TRY IT.
Span requested from the data below: the line with "Leopar Desenli Sırt" through the line with "裏蓋の裏側もチェックしますがパッキンは硬化してパリパリ。", both included. Give only these lines again, exactly, and leave every picture out.

--------------------------------------------------

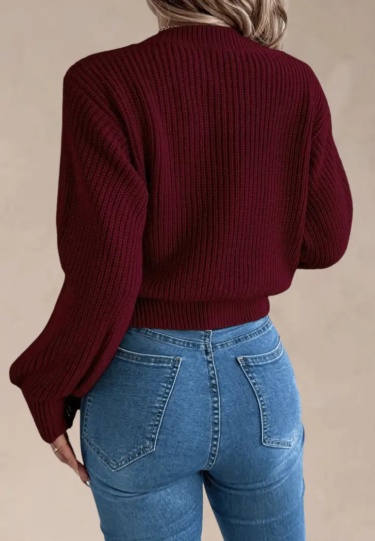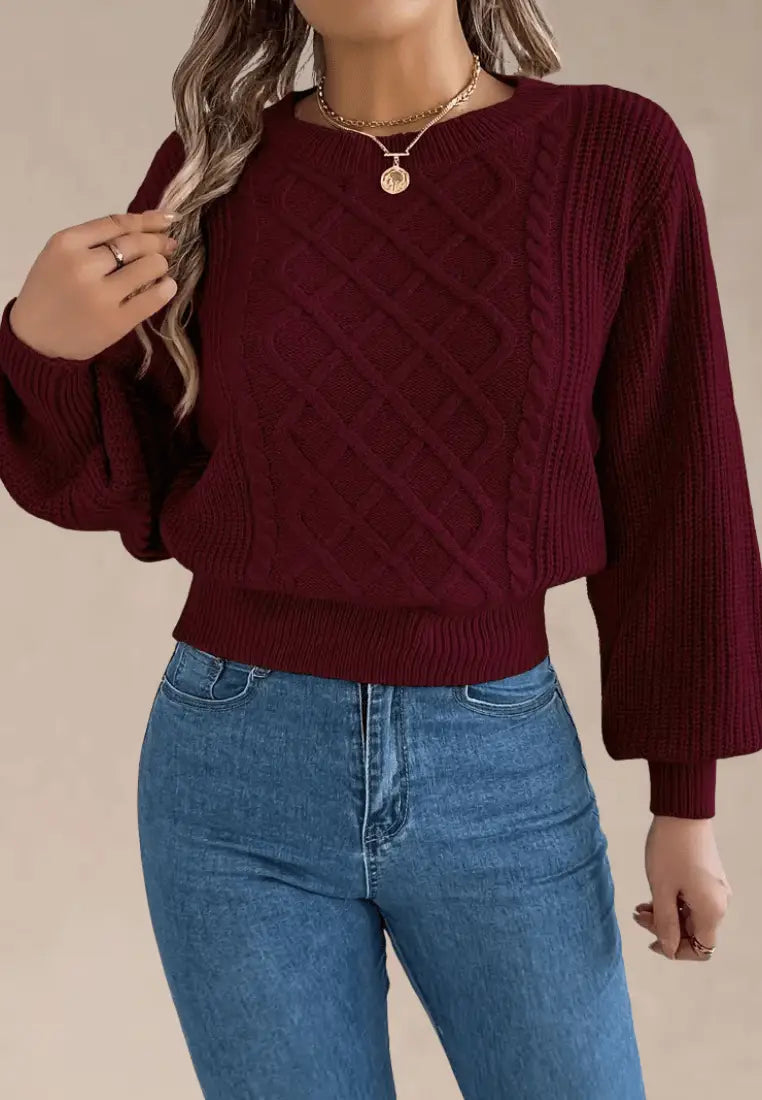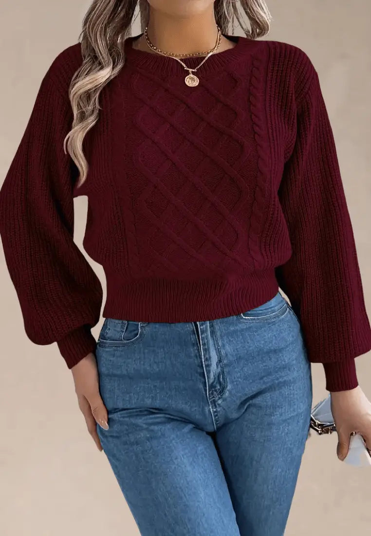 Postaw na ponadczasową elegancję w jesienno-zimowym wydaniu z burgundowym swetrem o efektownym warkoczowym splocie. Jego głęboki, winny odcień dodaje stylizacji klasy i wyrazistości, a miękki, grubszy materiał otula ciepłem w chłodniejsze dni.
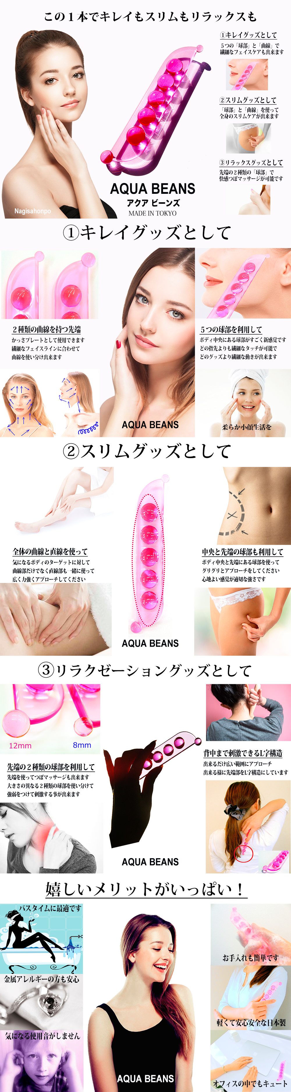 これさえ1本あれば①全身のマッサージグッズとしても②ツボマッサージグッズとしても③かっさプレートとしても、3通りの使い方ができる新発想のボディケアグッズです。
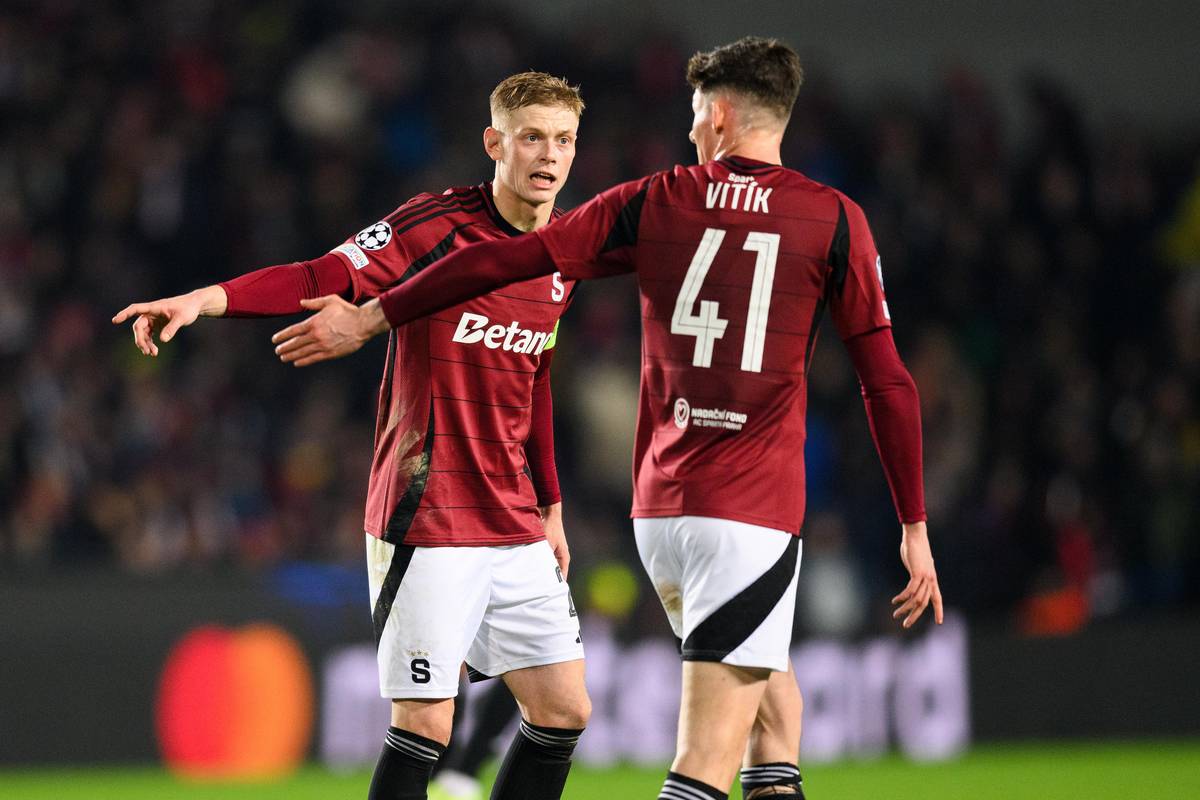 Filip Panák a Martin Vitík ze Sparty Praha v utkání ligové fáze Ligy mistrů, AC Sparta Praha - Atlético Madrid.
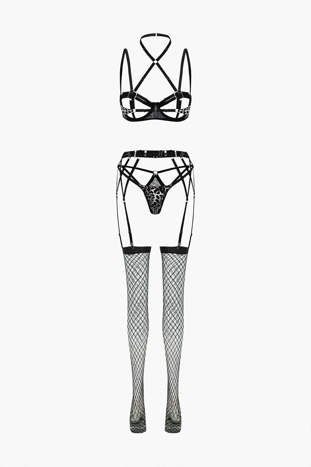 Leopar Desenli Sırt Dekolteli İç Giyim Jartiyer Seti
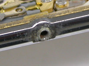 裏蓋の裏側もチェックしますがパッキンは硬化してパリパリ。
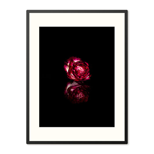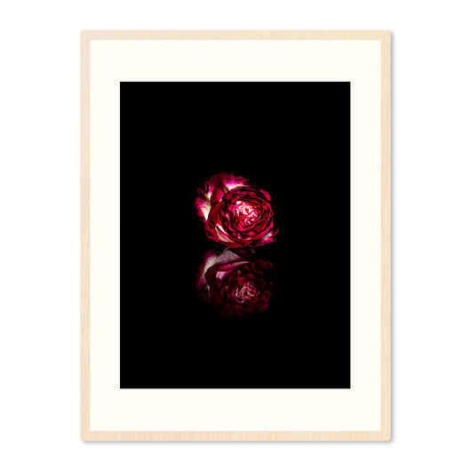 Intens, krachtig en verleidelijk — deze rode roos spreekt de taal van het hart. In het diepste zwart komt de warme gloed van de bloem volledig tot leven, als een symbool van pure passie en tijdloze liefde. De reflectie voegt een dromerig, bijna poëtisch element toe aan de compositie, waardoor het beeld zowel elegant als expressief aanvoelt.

--------------------------------------------------

EXERCISE RESPONSE.
 Leopar Desenli Sırt Dekolteli İç Giyim Jartiyer Seti
 裏蓋の裏側もチェックしますがパッキンは硬化してパリパリ。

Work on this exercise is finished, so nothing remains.